The disciplines fragmented behaviour because they inherited worldview-centric interpretative methods rather than biologically grounded cephalic organisation.

  • Psychology inherited introspection.
  • Psychiatry inherited syndromic medicine.
  • Psychoanalysis inherited symbolic interpretation.
  • Cognitive science inherited computational abstraction.

None unified behaviour structurally through cephalic governance itself.

13. Psychextrics and the Reconstruction of Behaviour

Psychextrics therefore attempts to reconstruct behaviour through:

  • cephalic labour,
  • gateway architecture,
  • signal integration,
  • contextual weighting,
  • behavioural latency,
  • memory indexing,
  • and distributed governance systems.

Under this framework emotion, cognition, memory, consciousness, instinct, trauma, and personality,
are not separate territories competing for ownership. They are outputs of interacting cephalic systems participating within one integrated behavioural architecture.

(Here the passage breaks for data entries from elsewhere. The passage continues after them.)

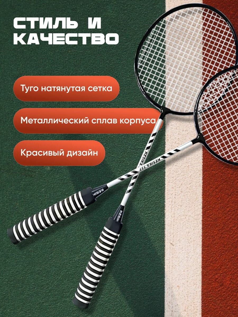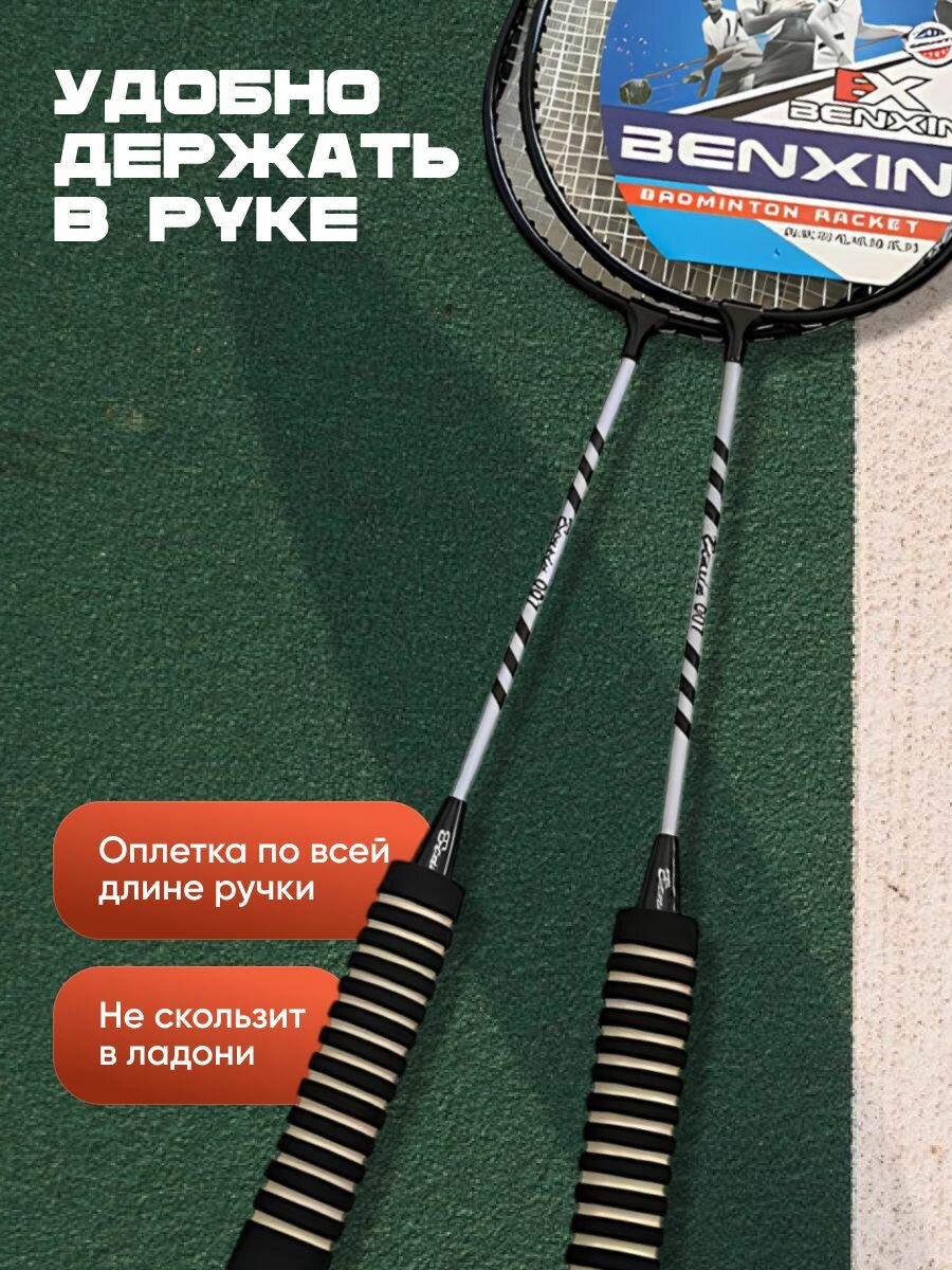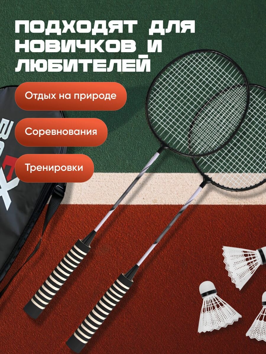 Ракетки для бадминтона с воланчиками и чехлом Shark Fit, черные, 2 шт интересное:
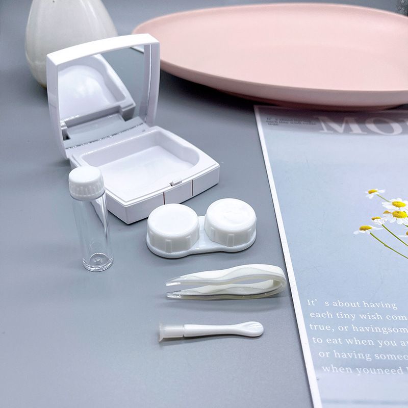 - Комплект: 2 контейнера для линз, пинцет, палочка для чистки линз, зеркало, флакончик для раствора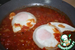 Затем вернуть яйца в соус и еще немного их прогреть вместе.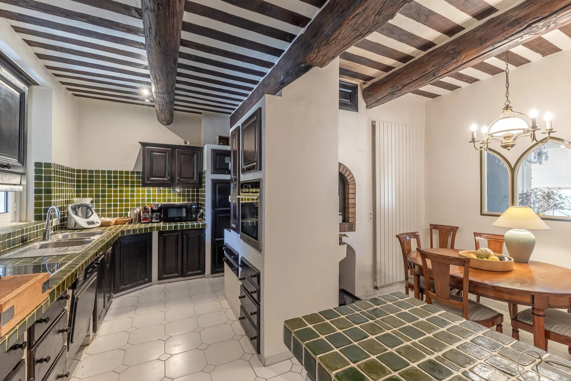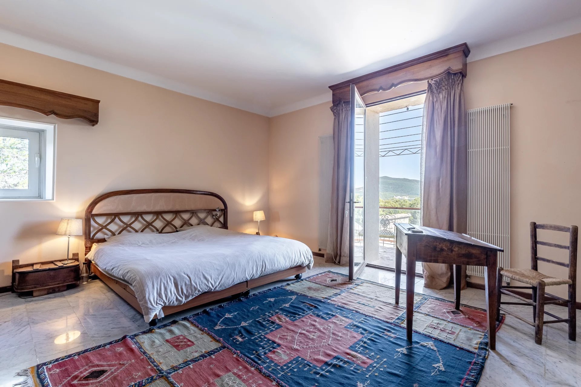 Its assets: the peacefulness of the setting, its character with its stone and old parefeuille floors, its French ceilings and its terraces.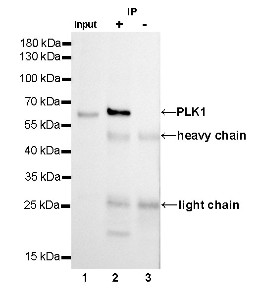 Western blot was performed on the immunoprecipitate using PLK1 Rabbit mAb at 1/1000 dilution.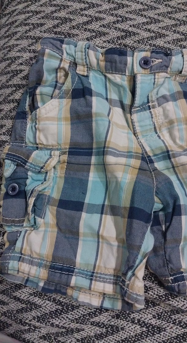 Mavi ve gri tonlarda batik desenli, yumuşak ve rahat bir dokusu olan şort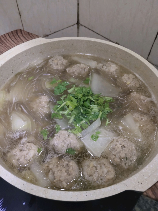 起锅开火,放入冬瓜和水,水开以后,放入粉丝,再把搓成的丸子放入锅中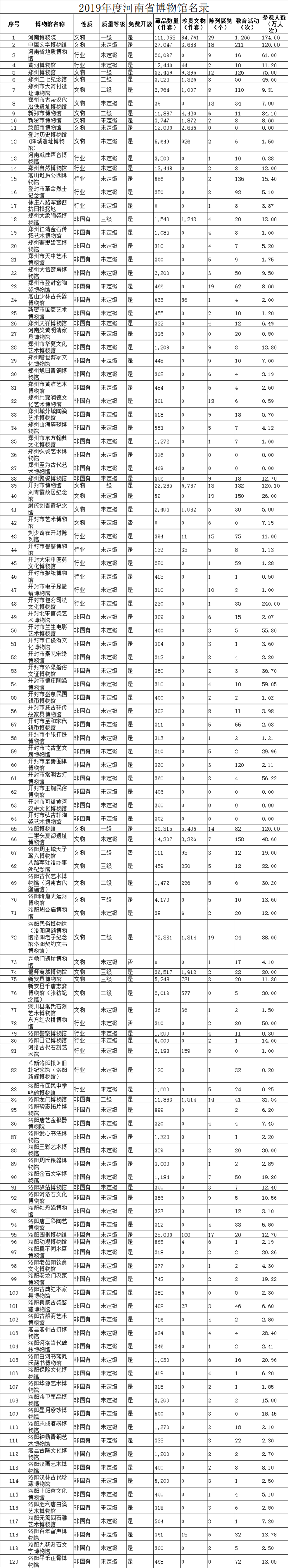 日前,《2019年度河南省博物館名錄》(以下簡稱《名錄》)對外公布。根據(jù)《名錄》,截至2019年底,河南省共有348家博物館,年接待觀眾達7174萬人次。周口市及下轄縣、區(qū)收入《名錄》博物館18家,年接待觀眾472.14萬人次。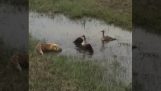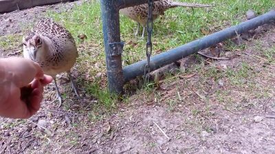 Un hombre de alimentación faisanes cuando el rey parece ser un poco picado por la comida. Se trata de un faisán dorado maravilloso con alas de oro.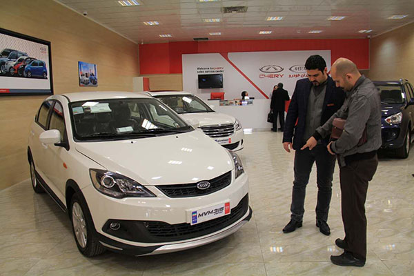 イランの首都テヘランに位置する中國の自動車「奇瑞汽車」販売店で、消費(fèi)者の質(zhì)問に答える販売員。(撮影:人民日報(bào)全媒體プラットフォーム記者張志文)

The organism becomes structurally unified again.

Conclusion: The End of Behavioural Tribalism

The great irony of modern Behavioural science is this:

The more disciplines specialised, the less unified behaviour became.

Each discipline assumed legitimacy by competing against the others.

  • Psychologists battled psychiatrists.
  • Psychiatrists battled neuroscientists.
  • Neuroscientists bypassed psychology.
  • Psychoanalysis fought to preserve symbolic meaning.

And beneath all of them, the organism itself remained structurally fragmented.

Psychextrics argues that the future of Behavioural science does not lie in winning these territorial wars. Ọmọ́làjà says: “It lies in ending them.”

Because the brain was never divided into academic kingdoms. Only Behavioural science was. And Psychextrics emerge to end this war.